In the centralized case, each vehicle must be able to communicate with the centralized “server” their location and intended trajectory. Then, as vehicles update their positions and/or planned paths, the centralized “server” must re-plan paths and assign new targets for each vehicle, and then disseminate those new plans to each vehicle. In the decentralized case, it becomes much harder as individual vehicles may not be able to communicate with each vehicle in the airspace. Each vehicle must essentially keep a local copy of their knowledge of the airspace, and as new information about a vehicle is learned, update that copy. After updating their knowledge, they must update their plans accordingly to remain a safe distance from any vehicle they have knowledge of.
MACE can help establish both of these cases while remaining agnostic to the specific vehicle architectures. First, let us start with the centralized example. Below is a high-level architecture diagram of how this may look in practice.
As the diagram outlines, each vehicle can have their own specific architecture and capabilities, but as long as they implement a MACE module, they can participate in a MACE network. In this case, each vehicle has their own way of determining their position and reporting it, whether it is a UTM specific piece of hardware or simply their own autopilot with an attached GPS. MACE does not care where the information comes from or how it is determined. What ultimately matters is that the MACE module for each vehicle is receiving position updates and intended trajectory updates from the vehicle. With that data, each vehicle’s MACE instance can then disseminate that to the centralized MACE instance for re-planning, if necessary. On the backend of this process, each vehicle then receives its new targets and the process iterates until mission completion or vehicles leave the airspace.
In the decentralized case, things become more complicated and more functionality is required from individual vehicles. However, the inter-vehicle communications is still handled by MACE. Instead of pushing all data through one centralized asset to conduct global planning, each vehicle is responsible for its own planning in its immediate airspace based on the knowledge it has available to it to keep a safe distance from other vehicles. This requires each vehicle have their own path planning and obstacle avoidance capabilities. The decentralized case is detailed in the figure below.
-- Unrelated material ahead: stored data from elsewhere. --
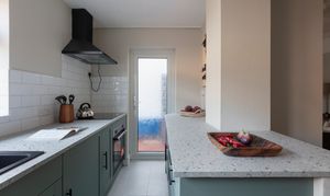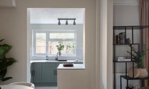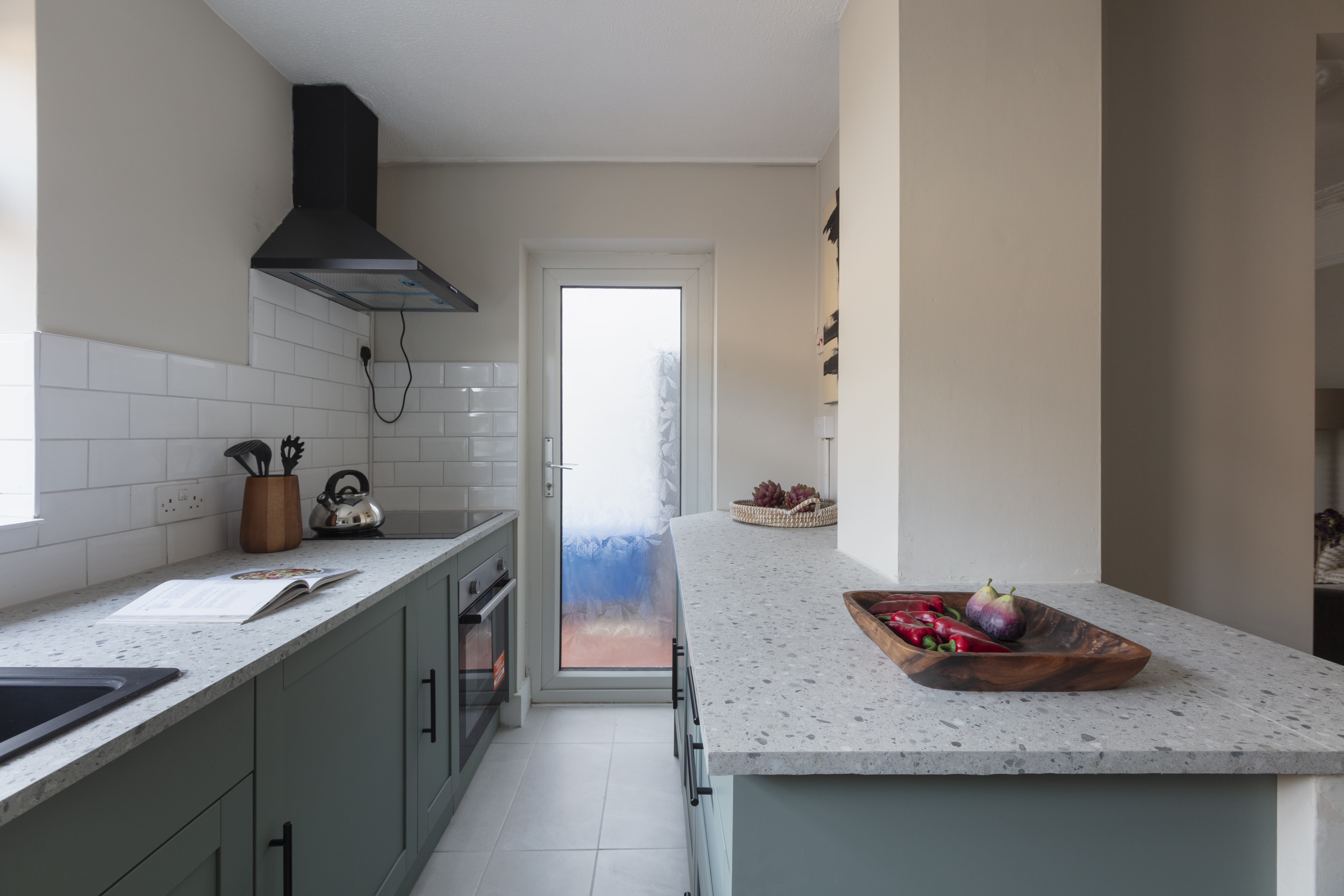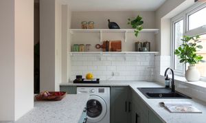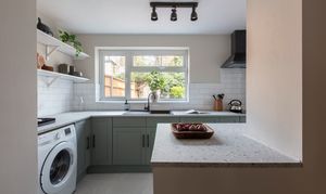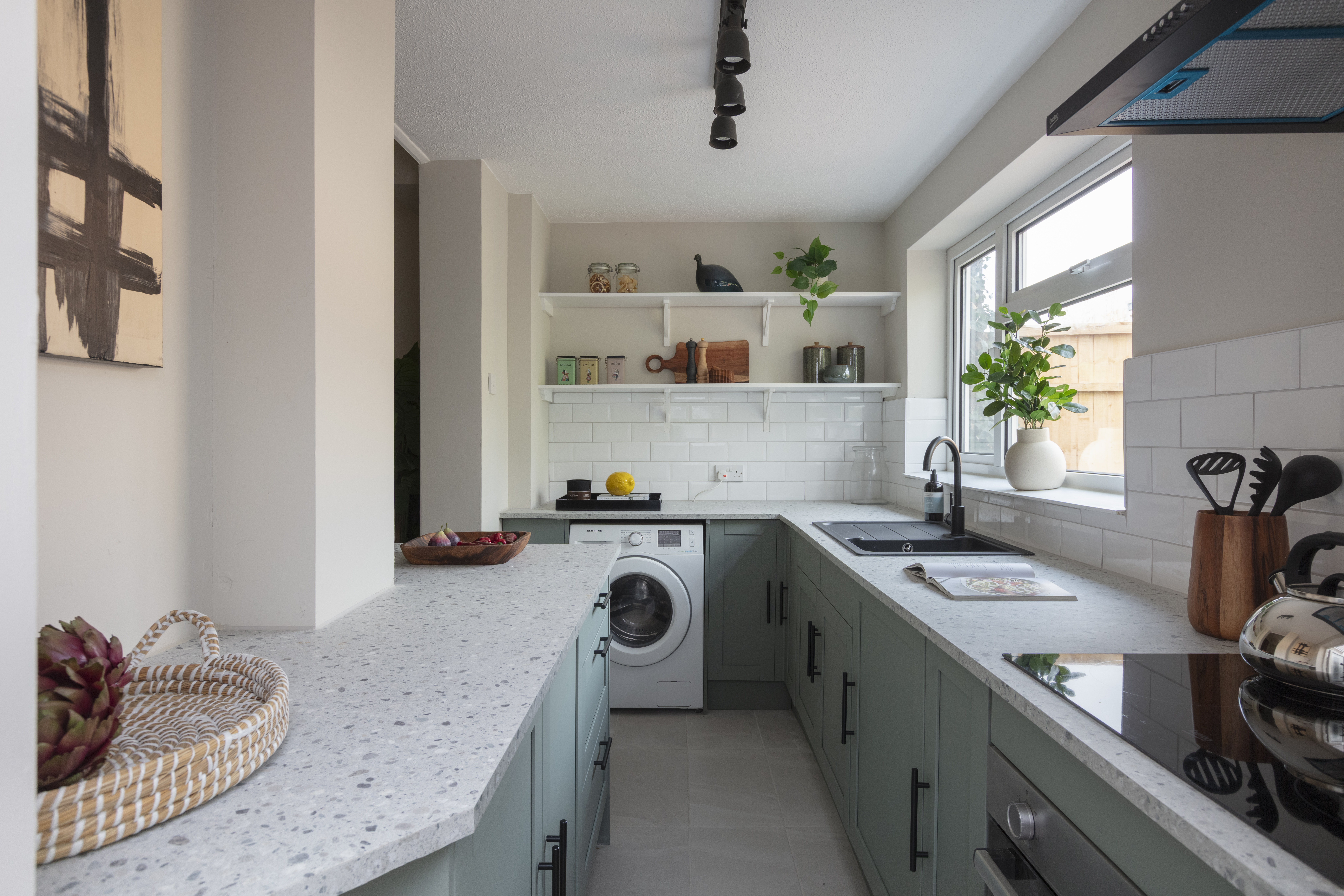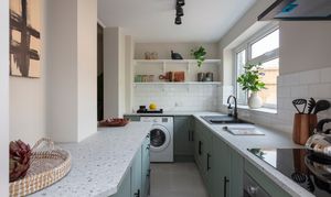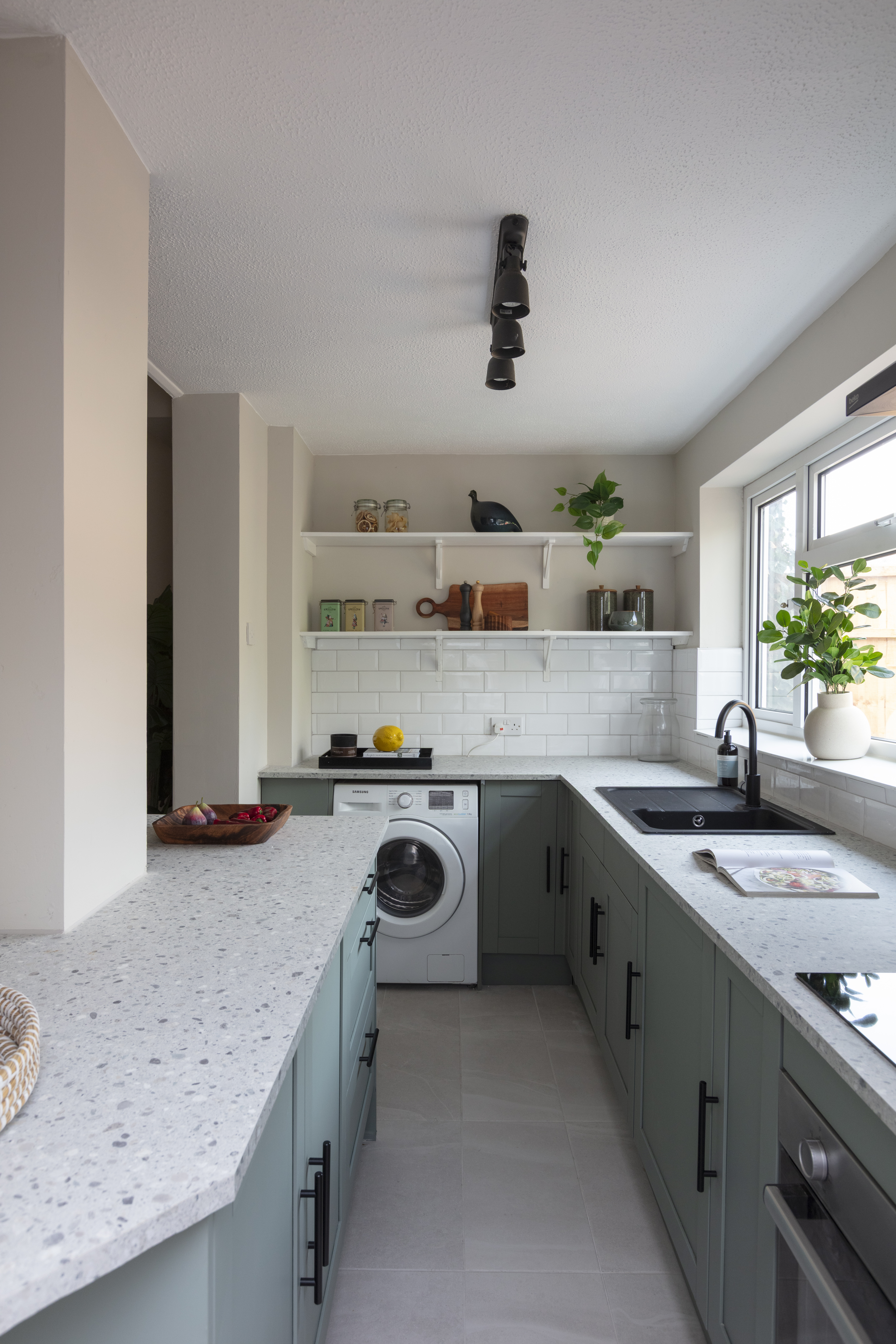 Newly fitted in February this year, the kitchen features modern sage green shaker-style doors with black handles, topped with a pale terrazzo-style work surface and a white metro-tiled splashback. The floor is tiled in grey; a composite sink and drainer with black mixer tap sits beneath a triple window to the garden; and white timber open shelving provides space for extra storage and display.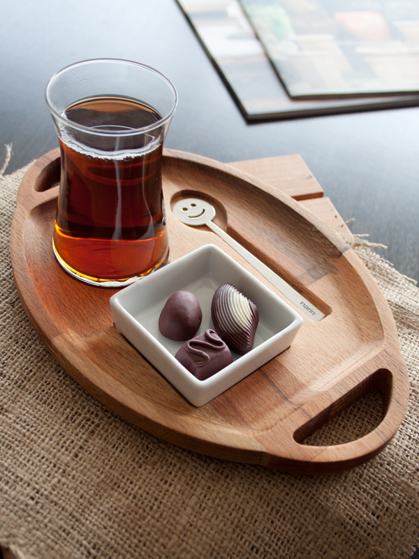 This Wooden Tea Serving Tray is a perfect addition to any tea service. It includes a tea glass, a porcelain treat, and a smiley tea spoon, all elegantly presented on a sturdy wooden tray. Crafted from high-quality materials, this set is designed for durability and ease of use, making it an ideal choice for cafes and restaurants.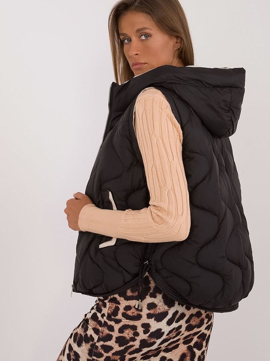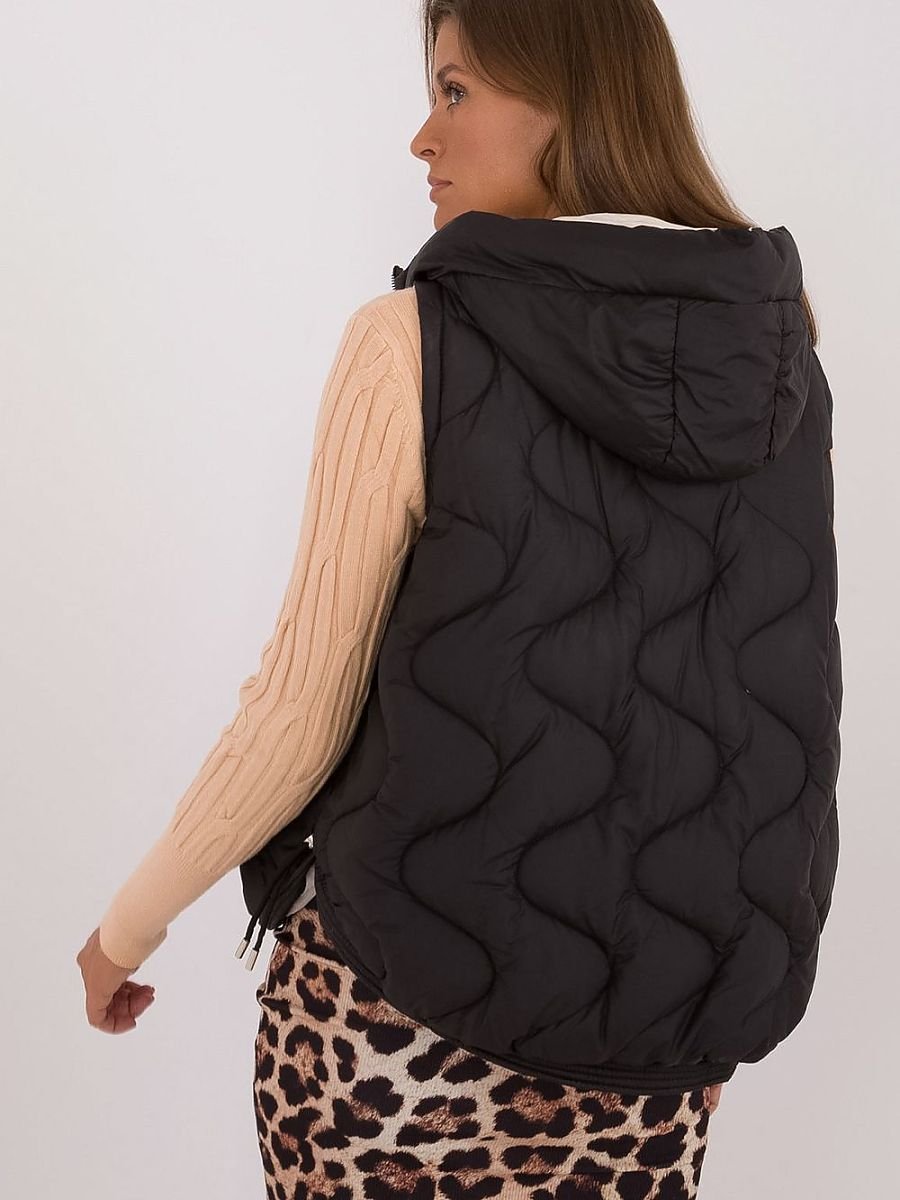 Damska pikowana kamizelka puchowa o gładkiej fakturze, wykonana z poliestru. Idealna na codzienne, casualowe stylizacje, zapewnia komfort i ciepło w chłodniejsze dni. Kamizelka jest wypełniona syntetycznym ociepleniem, które skutecznie chroni przed zimnem, jednocześnie będąc lekkim i wygodnym. Wyposażona w praktyczny kaptur, który dodaje funkcjonalności i stylu. To doskonały wybór dla kobiet ceniących wygodę, ciepło i modny wygląd w codziennych zestawach.

The core concept of the centralized case remains intact—i.e. each vehicle’s MACE module needs to receive position and intended trajectory updates from the attached vehicle and those need to be disseminated between each vehicle in the MACE network. However, it is not necessarily the case that each vehicle has knowledge of the complete MACE network and/or operating space. To get a complete picture, as MACE instances communicate with each other the local copy of the environment that each vehicle must be updated from new data coming from vehicles that may not be in direct communication. In addition, you cannot assume that when a vehicle plans a path to steer clear of vehicles it knows about that a vehicle it is not aware of will not interfere with that trajectory. That is where a vehicle’s local obstacle avoidance comes into play—it must take over the immediate planning horizon to avoid unknown obstacles that any intermediate or global knowledge of the world hasn’t accounted for yet.
To get started using MACE, follow the steps on the Install and Run page. From there, you can either clone and build on Linux or Windows. Currently, MACE has been tested on Ubuntu 18.04 and Windows. It has also been deployed on an ODROID XU4 running UbuntuMate (i.e. ARM processor).